> Assignment
Taking the line with "Silver-tone stainless steel" as the first and the line with "Die rustikale Außenleuchte" as the last, set down the lines below exactly, pictures excluded.
[[ Records for the exercise, beginning ]]
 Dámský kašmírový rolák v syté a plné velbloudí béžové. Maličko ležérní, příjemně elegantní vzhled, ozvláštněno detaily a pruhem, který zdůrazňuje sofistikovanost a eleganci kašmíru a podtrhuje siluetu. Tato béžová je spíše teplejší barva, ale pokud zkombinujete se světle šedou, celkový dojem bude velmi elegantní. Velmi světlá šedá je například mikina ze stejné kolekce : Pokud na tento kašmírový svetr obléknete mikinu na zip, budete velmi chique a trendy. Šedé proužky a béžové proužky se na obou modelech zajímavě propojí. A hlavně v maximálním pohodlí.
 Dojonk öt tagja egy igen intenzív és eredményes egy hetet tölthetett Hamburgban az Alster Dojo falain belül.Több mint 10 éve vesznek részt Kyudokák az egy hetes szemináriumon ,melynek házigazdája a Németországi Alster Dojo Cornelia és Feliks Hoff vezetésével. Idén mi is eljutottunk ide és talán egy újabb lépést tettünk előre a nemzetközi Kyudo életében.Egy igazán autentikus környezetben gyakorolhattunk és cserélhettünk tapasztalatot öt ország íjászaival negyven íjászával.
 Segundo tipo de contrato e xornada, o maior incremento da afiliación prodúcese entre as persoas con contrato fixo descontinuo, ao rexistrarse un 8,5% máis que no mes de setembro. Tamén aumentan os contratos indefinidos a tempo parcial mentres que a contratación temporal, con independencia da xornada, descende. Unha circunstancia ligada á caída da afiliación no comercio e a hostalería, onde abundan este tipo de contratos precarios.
[[ Records for the exercise, end ]]
[[ Records for the exercise, beginning ]]
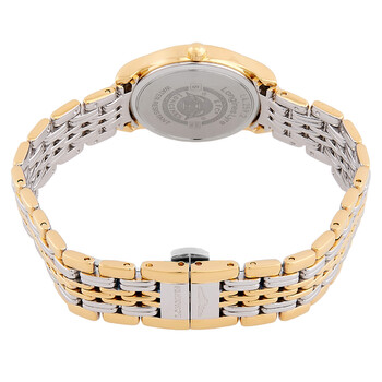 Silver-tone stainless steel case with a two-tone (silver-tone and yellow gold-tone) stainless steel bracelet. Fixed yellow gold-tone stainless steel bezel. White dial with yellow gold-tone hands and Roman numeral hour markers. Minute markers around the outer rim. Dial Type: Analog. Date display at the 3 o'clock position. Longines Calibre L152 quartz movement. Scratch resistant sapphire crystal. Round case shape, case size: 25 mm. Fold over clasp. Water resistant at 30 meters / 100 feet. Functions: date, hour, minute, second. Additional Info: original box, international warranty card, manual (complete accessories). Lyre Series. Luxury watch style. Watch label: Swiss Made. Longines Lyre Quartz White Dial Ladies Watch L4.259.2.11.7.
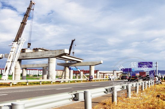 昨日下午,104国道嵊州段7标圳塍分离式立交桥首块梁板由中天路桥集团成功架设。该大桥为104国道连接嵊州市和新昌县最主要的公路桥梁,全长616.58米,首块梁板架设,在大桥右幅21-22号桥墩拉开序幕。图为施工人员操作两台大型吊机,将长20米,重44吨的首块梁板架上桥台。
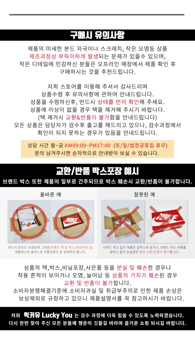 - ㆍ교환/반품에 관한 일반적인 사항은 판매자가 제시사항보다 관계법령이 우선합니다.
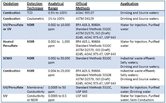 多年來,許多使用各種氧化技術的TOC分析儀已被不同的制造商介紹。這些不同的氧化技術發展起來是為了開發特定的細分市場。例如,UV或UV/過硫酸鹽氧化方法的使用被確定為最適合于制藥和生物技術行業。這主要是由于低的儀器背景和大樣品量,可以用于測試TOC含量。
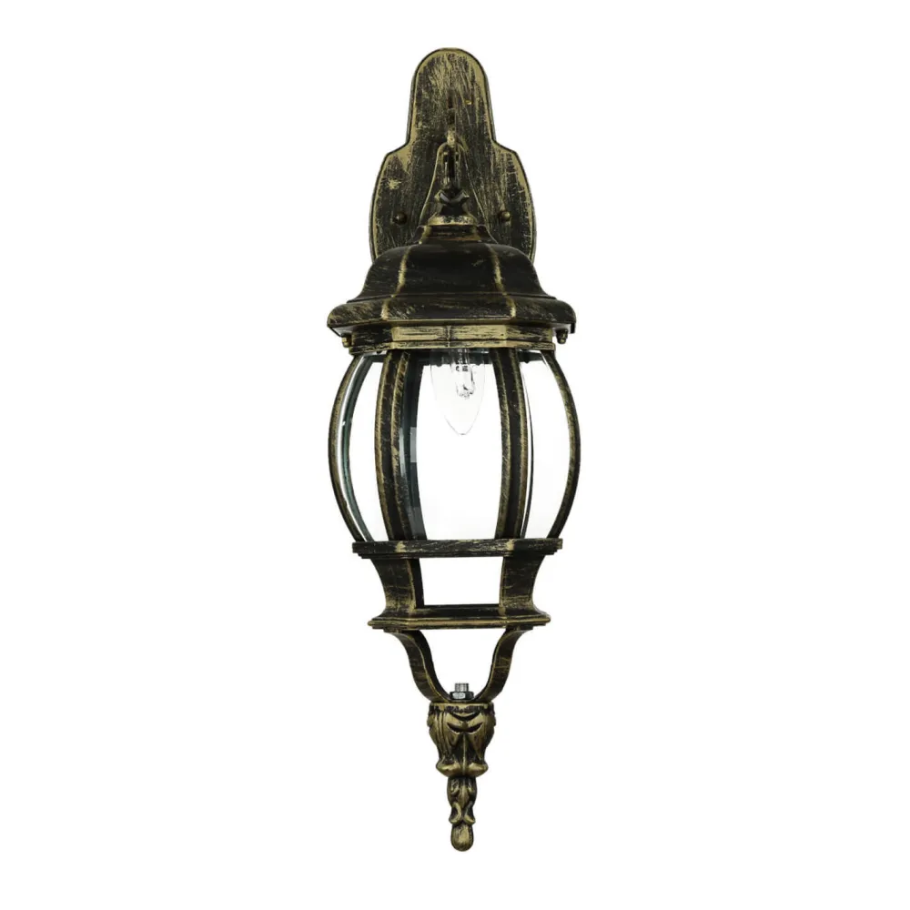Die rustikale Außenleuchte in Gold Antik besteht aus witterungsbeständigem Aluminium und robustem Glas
[[ Records for the exercise, end ]]
> Your response
 Silver-tone stainless steel case with a two-tone (silver-tone and yellow gold-tone) stainless steel bracelet. Fixed yellow gold-tone stainless steel bezel. White dial with yellow gold-tone hands and Roman numeral hour markers. Minute markers around the outer rim. Dial Type: Analog. Date display at the 3 o'clock position. Longines Calibre L152 quartz movement. Scratch resistant sapphire crystal. Round case shape, case size: 25 mm. Fold over clasp. Water resistant at 30 meters / 100 feet. Functions: date, hour, minute, second. Additional Info: original box, international warranty card, manual (complete accessories). Lyre Series. Luxury watch style. Watch label: Swiss Made. Longines Lyre Quartz White Dial Ladies Watch L4.259.2.11.7.
 昨日下午,104国道嵊州段7标圳塍分离式立交桥首块梁板由中天路桥集团成功架设。该大桥为104国道连接嵊州市和新昌县最主要的公路桥梁,全长616.58米,首块梁板架设,在大桥右幅21-22号桥墩拉开序幕。图为施工人员操作两台大型吊机,将长20米,重44吨的首块梁板架上桥台。
 - ㆍ교환/반품에 관한 일반적인 사항은 판매자가 제시사항보다 관계법령이 우선합니다.
 多年來,許多使用各種氧化技術的TOC分析儀已被不同的制造商介紹。這些不同的氧化技術發展起來是為了開發特定的細分市場。例如,UV或UV/過硫酸鹽氧化方法的使用被確定為最適合于制藥和生物技術行業。這主要是由于低的儀器背景和大樣品量,可以用于測試TOC含量。
Die rustikale Außenleuchte in Gold Antik besteht aus witterungsbeständigem Aluminium und robustem Glas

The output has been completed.